Task description:
Leave out the pictures and transcribe every entry below exactly.

[Records drawn from a dataset]
<<<<
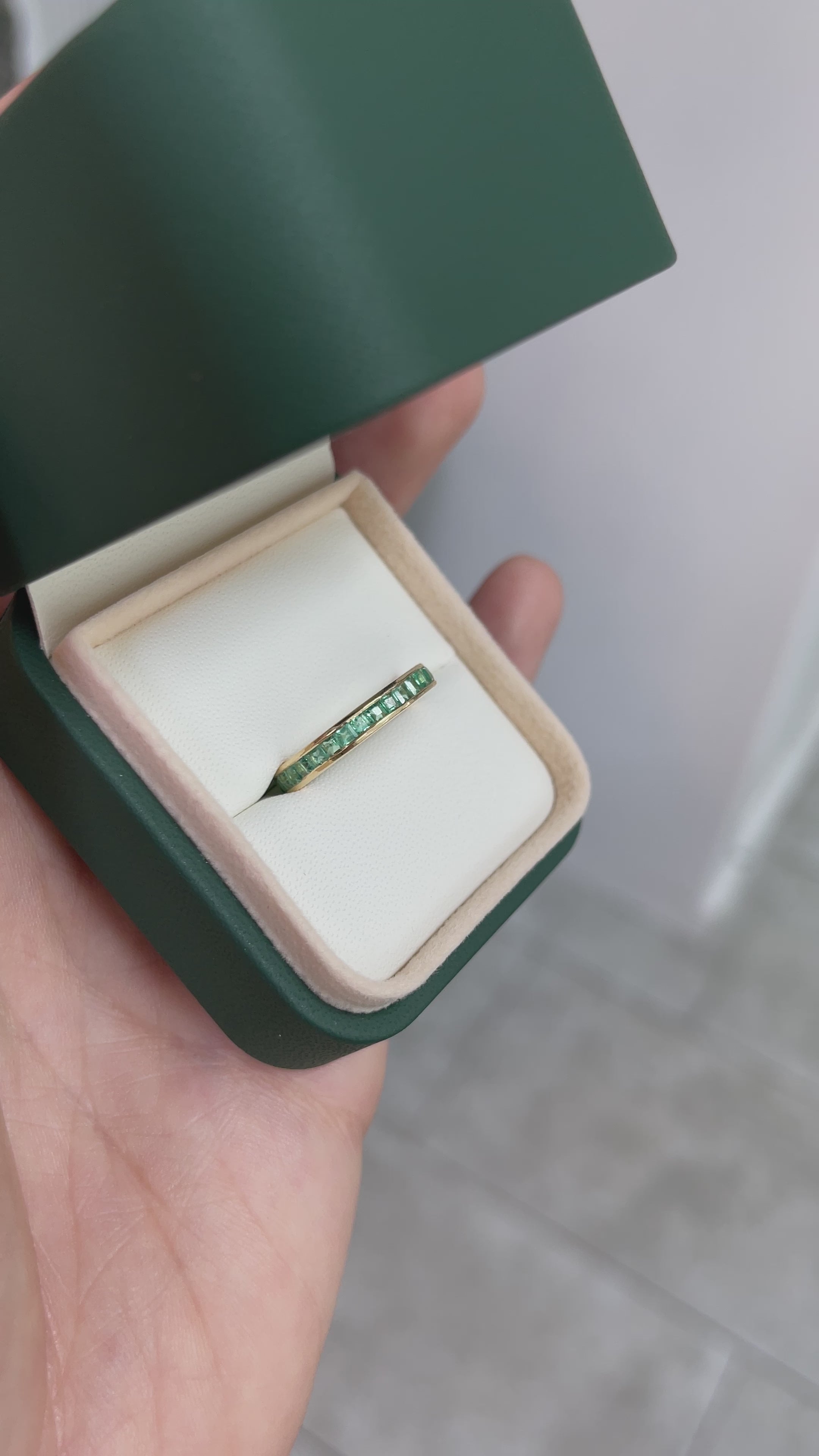 1.44tcw Princess Cut Emerald Channel set Eternity Band 14K
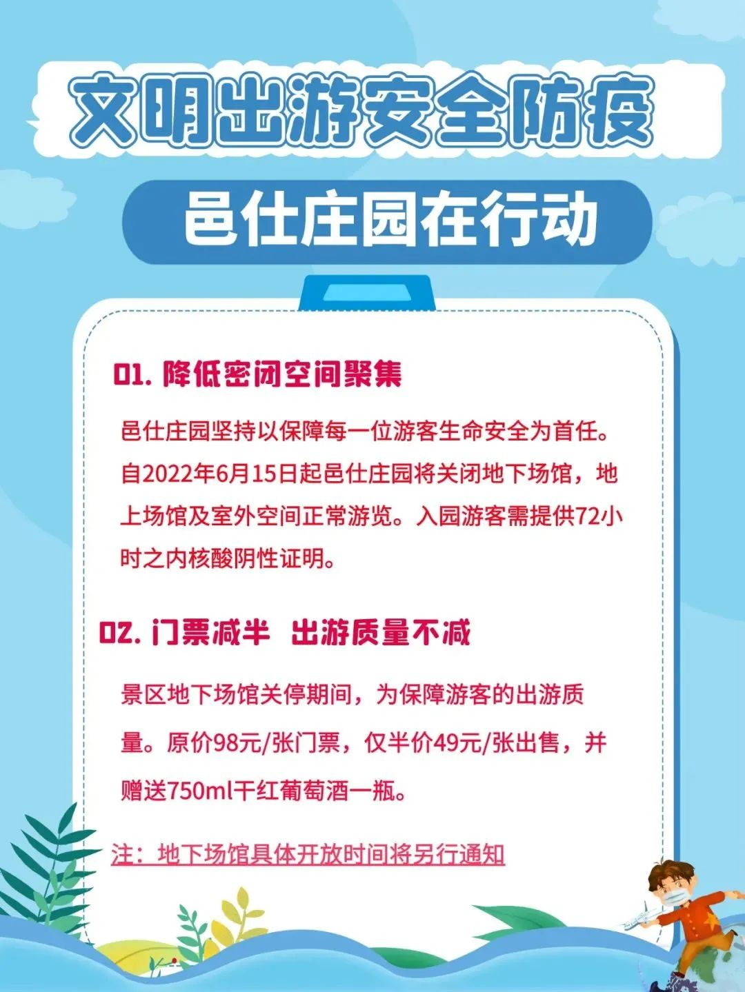 1、6月15日起,邑仕庄园关闭地下场馆,地上场馆及室外空间正常游览。
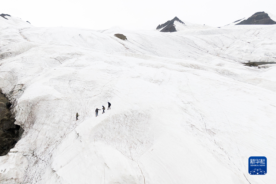 7月28日,來自長(zhǎng)江科學(xué)院的科考隊(duì)員在長(zhǎng)江源格拉丹東雪山上(無(wú)人機(jī)照片)。新華社記者肖藝九 攝
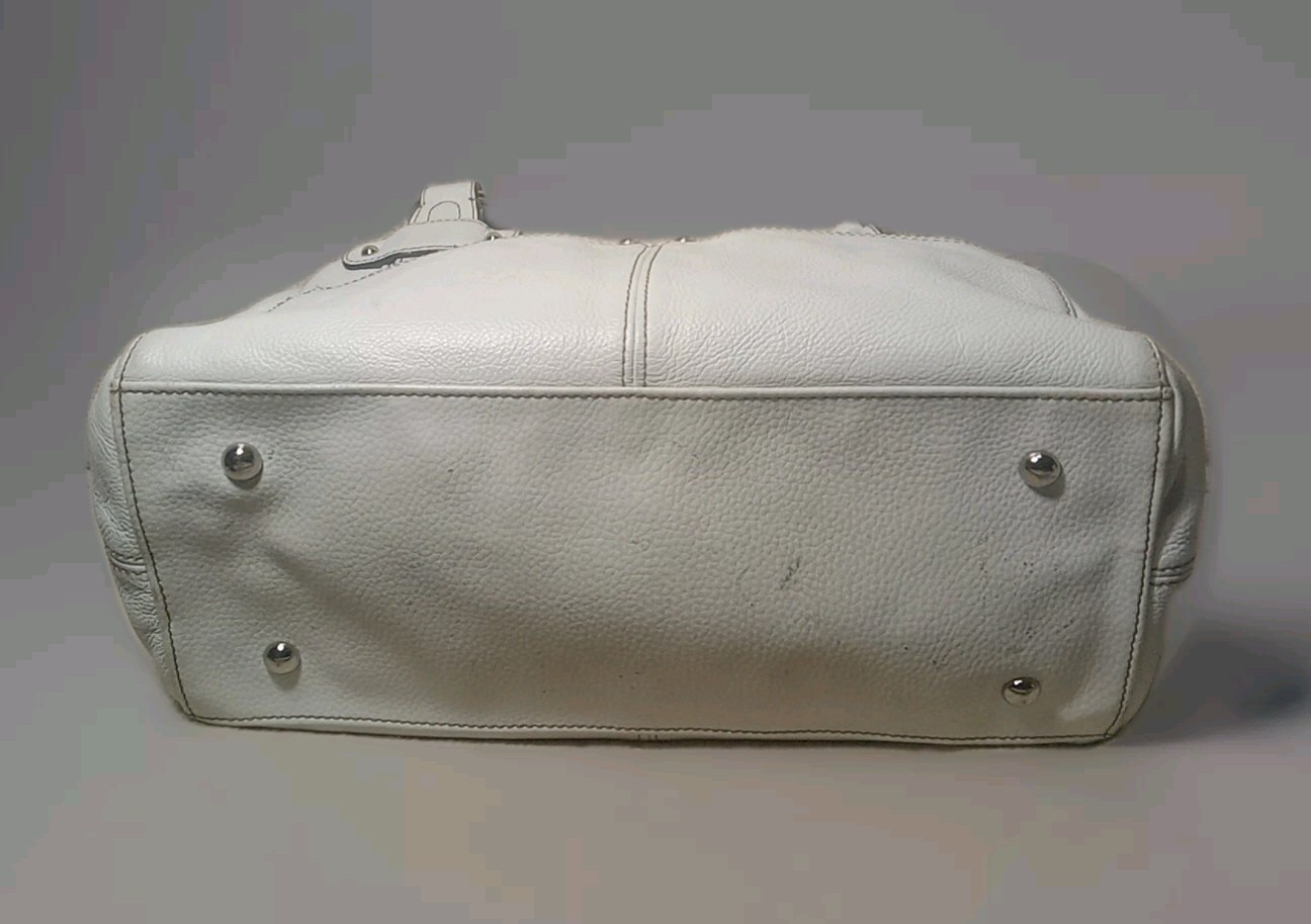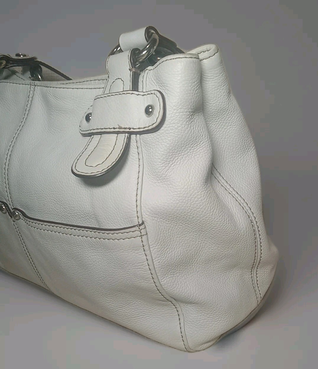 The Tignanello White Leather Shoulder Bag Purse is a stylish and classic accessory designed for women. Made of high-quality leather in a solid white color with silver hardware accents, this medium-sized bag features a rectangular shape and a zip closure. It includes inner and outer pockets, bottom studs, and a shoulder strap handle in white leather with a 11-inch drop. The bag is from the Tignanello Perfect Pockets product line and is perfect for everyday use, adding a touch of designer flair to any outfit.
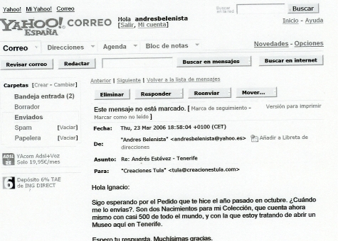Agradezco tu mediación ante TULA. Pero estimo, que lo menos que se puede esperar cuando uno se dirige a comprar algo, es que le atiendan, y en mi caso respondan a mi último Correo, y me digan por los menos en qué fecha esperan servirme mi Pedido, si es que lo piensan hacer. Sin entrar a valorar la forma de trabajo del Artesano en cuestión, pero sí valorando su mala o nula respuesta COMERCIAL hacia mí como cliente en este caso.
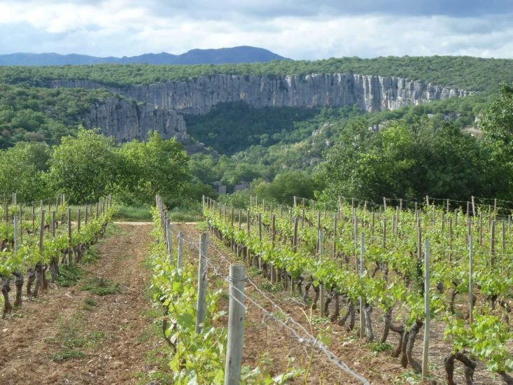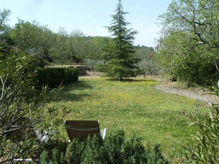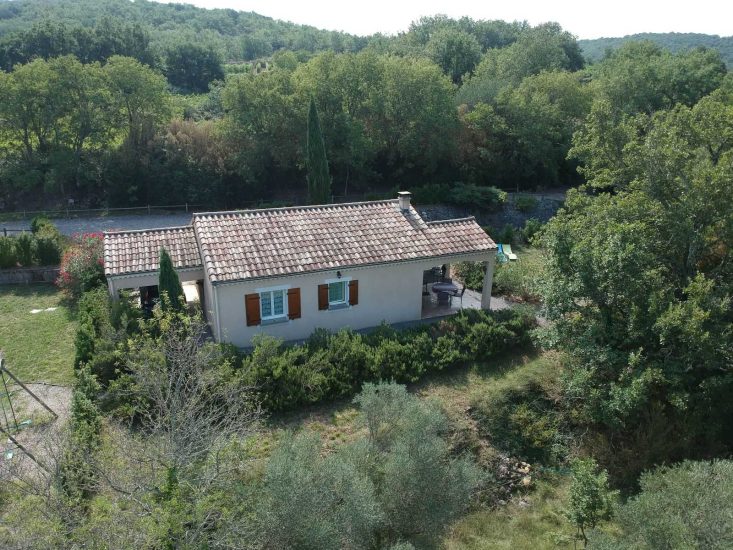 Maison indépendante de grand confort, légèrement en hauteur, au pied d'une colline de chênes et de buis, avec vue imprenable sur le cirque de Gens (Falaises surplombant l'Ardèche).
>>>>
Result of the task:
 1.44tcw Princess Cut Emerald Channel set Eternity Band 14K
 1、6月15日起,邑仕庄园关闭地下场馆,地上场馆及室外空间正常游览。
 7月28日,來自長(zhǎng)江科學(xué)院的科考隊(duì)員在長(zhǎng)江源格拉丹東雪山上(無(wú)人機(jī)照片)。新華社記者肖藝九 攝
 The Tignanello White Leather Shoulder Bag Purse is a stylish and classic accessory designed for women. Made of high-quality leather in a solid white color with silver hardware accents, this medium-sized bag features a rectangular shape and a zip closure. It includes inner and outer pockets, bottom studs, and a shoulder strap handle in white leather with a 11-inch drop. The bag is from the Tignanello Perfect Pockets product line and is perfect for everyday use, adding a touch of designer flair to any outfit.
Agradezco tu mediación ante TULA. Pero estimo, que lo menos que se puede esperar cuando uno se dirige a comprar algo, es que le atiendan, y en mi caso respondan a mi último Correo, y me digan por los menos en qué fecha esperan servirme mi Pedido, si es que lo piensan hacer. Sin entrar a valorar la forma de trabajo del Artesano en cuestión, pero sí valorando su mala o nula respuesta COMERCIAL hacia mí como cliente en este caso.
 Maison indépendante de grand confort, légèrement en hauteur, au pied d'une colline de chênes et de buis, avec vue imprenable sur le cirque de Gens (Falaises surplombant l'Ardèche).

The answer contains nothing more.